Paul Goble
Staunton, May 19 – Both liberals and the left in Russia have blamed the failure of the anti-war movement in that country to expand on the repressive measures the Kremlin has taken against it; and there certainly have been enough of those, left-wing sociologist Boris Kagarlitsky says.
But an even more important factor limiting the growth of that movement, he says, lies with the liberals and those on the left themselves. They fail to recognize that the poor in Russia oppose the war just as much as they do but for other reasons than do members of the middle class and address those reasons (forum-msk.org/material/news/17877690.html).
Kagarlitsky says that up to now, those protesting the war come from the politicized part of the middle class of the major cities that engaged in protests in the past; and their leaders or at least those who urge them to protest are the very same people drawn from the very same educated middle class as before.
They are outraged by the war for moral reasons; and they fail to see that there are other reasons to be against the war and that other groups animated by different concerns could become their allies if only they would speak to the interests of these groups. Among the most important are Russia’s poor who are against the war because they fear it will hurt their standard of living.

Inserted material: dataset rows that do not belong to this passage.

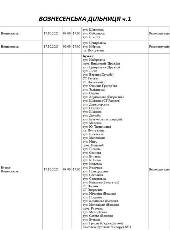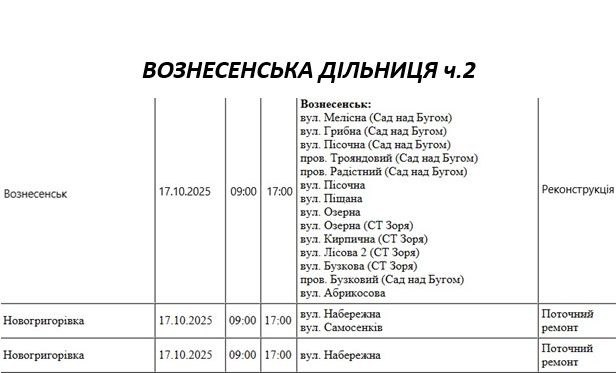 Графік відключення світла по адресах 17 жовтня, Вознесенська дільниця. АТ «Миколаївобленерго»
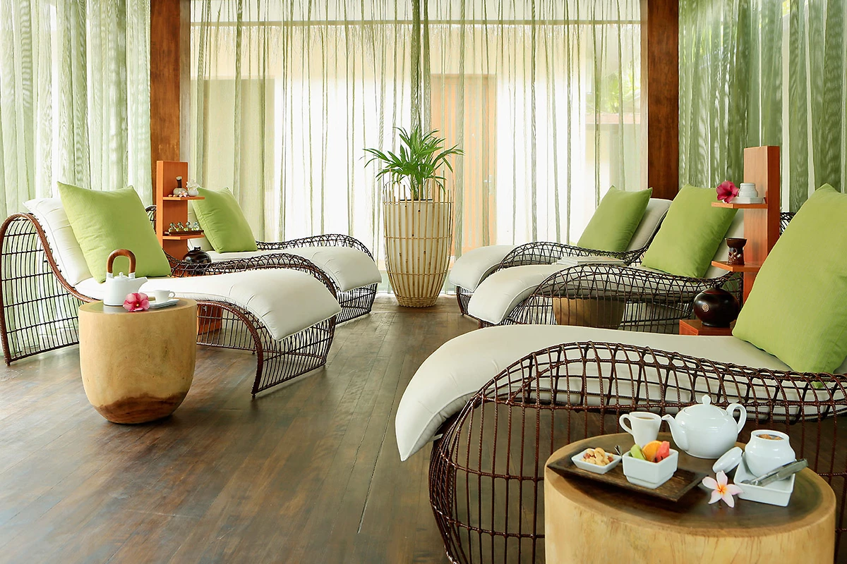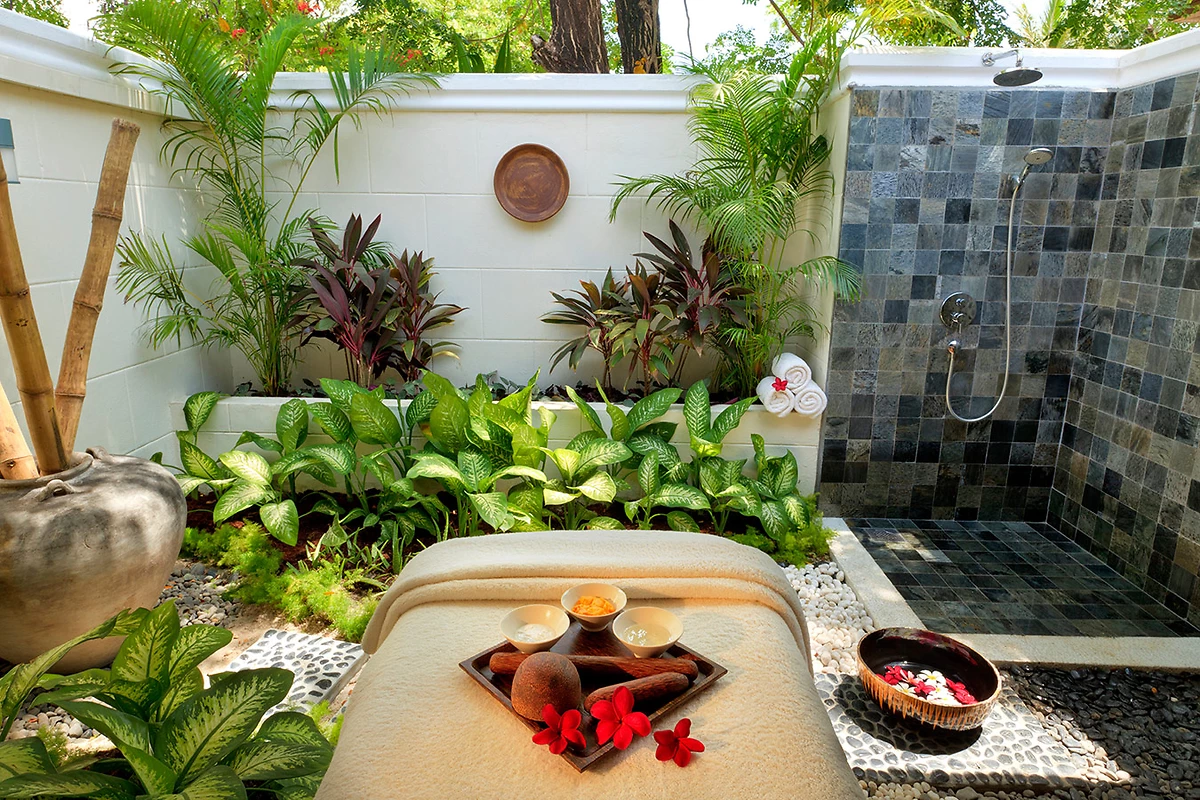 180 chambres, bungalows et villas avec climatisation, terrasse privée et douche extérieure.
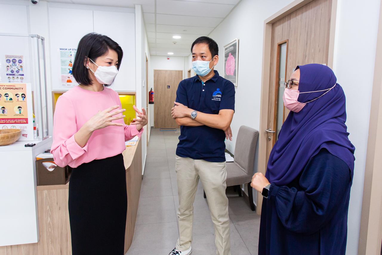 (From left) Minister of State for Family and Social Development Sun Xueling, AMKFSC Community Services chief executive officer Vincent Ng and divisional director (specialist) Hilyah Saparin.
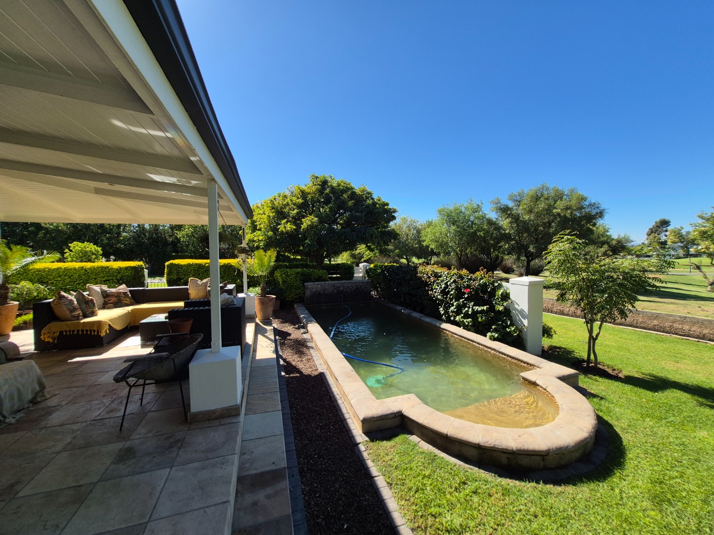 Perfectly positioned on a private corner stand along the 8th green of the prestigious Silwerstrand Golf Estate, this elegant double-storey home offers one of the most desirable settings on the course. With uninterrupted views across manicured fairways, the property captures the essence of estate living — peaceful, refined and beautifully connected to nature.

While polls show that the poor are even more opposed to the war than many in the middle class in major cities, activists from among the latter have not “up to now tried to find a common language with those belong them.” Instead, they denounce the poor for not sharing their moral disapprobation of the war and say they are selling their freedom for sausages.

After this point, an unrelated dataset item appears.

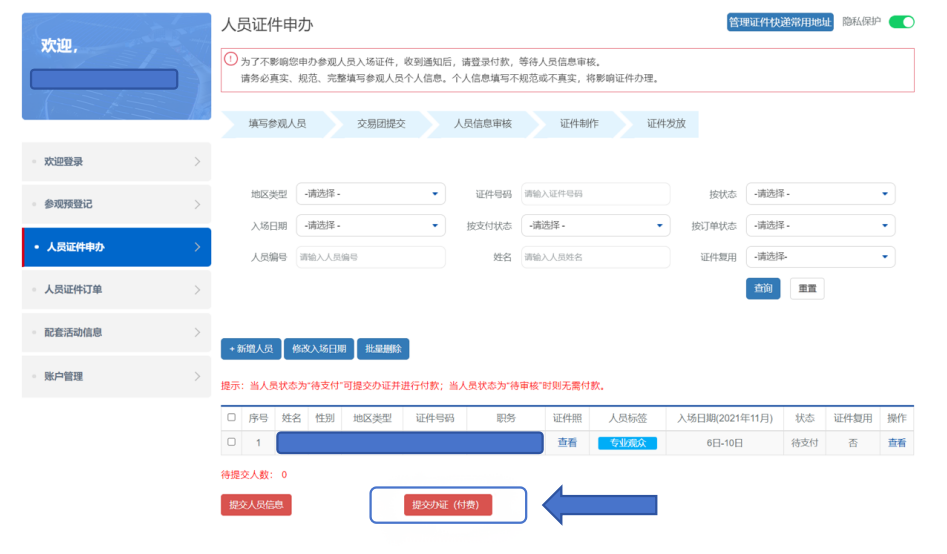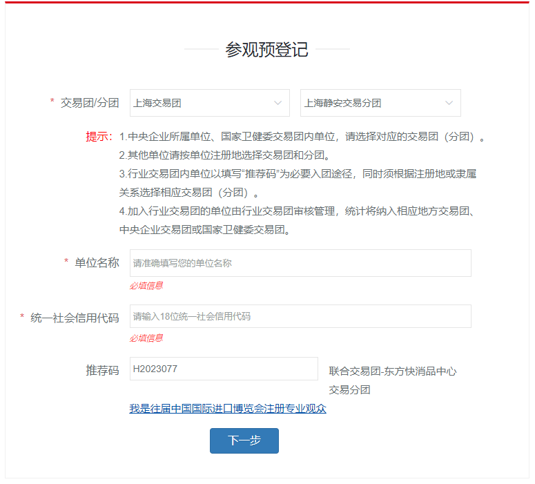(快消品独家讯) 进博会是世界上第一个以进口为主题的国家级展会,已成功举办五届,在国际采购、投资促进、人文交流和开放合作等方面均取得了积极成效,成为中国对外开放的重要窗口。第6届中国国际进口博览会将于2023年11月5-10日在国家会展中心(上海)举办,其中企业商业展划分为食品及农产品、消费品、医疗器械及医药保健、服务贸易等六大展区。东方快消品中心作为进博会行业性官方合作伙伴诚邀广大会员企业注册参观展会!参会单位或个人对所填报的单位和个人注册信息的真实性负责,请谨慎填报。转账支付并上传凭证截止时间:2023年10月12日扫码及B2B网关支付截止时间:2023年10月15日https://www.ciie.org/ciie/f/visitor/pre-book?iCode=H2023077&signature=F605E9715EBAAEFDB0AC6808BD061DD9注册成功后页面自动跳转至用户中心,请根据流程填报参观预登记信息1.当初审通过后,系统会发送短信或邮件付款提示信息。登录后将会看到单位信息已审核通过,同时填报的人员即可开始支付,请点击“证件费用支付”2.确认勾选人员状态为待支付的人员,可点击“提交办证(付费)”3.付费成功后,后台会对人员信息进行二次审核,通过后将进入制证环节。企业可随时登录官网查看审核制证进度1、往届进博会专业观众在参观预登记界面,可以直接点击“我是往届进博会观众”进行验证登录。验证成功后,系统会自动关联往届注册信息,所有信息均可修改2、往届观众在完善注册信息时,请务必确认推荐码一栏内已填写“H2023077”,右侧出现“联合交易团-东方快消品中心交易分团”后,再继续填写企业信息,确认无误后点击“提交”。东方快消品中心 朱小姐 150 0002 5647(Z)

This attitude has kept the anti-war movement from growing, but it has done something worse: it has had the effect of justifying and camouflaging inequality in Russia and these thing sin turn have “led to dictatorship and war,” Kagarlitsky says. Such attitudes must change if the population is to come together to stop the war.
The task of the left and of democratic forces in Russia must be to “address the grassroots directly in a language the latter understand and offer genuinely meaningful and not just symbolic actions. It is time to return to the people the chance to speak in their own name about their own vital interests.”
That is because, he says, “the poor should not have to pay for the adventures of dictators and oligarchs either with their blood or with humiliating poverty.” But that can change quickly if and only if the liberals and those on the left recognize their own shortcomings in understanding the real nature of their country and its people.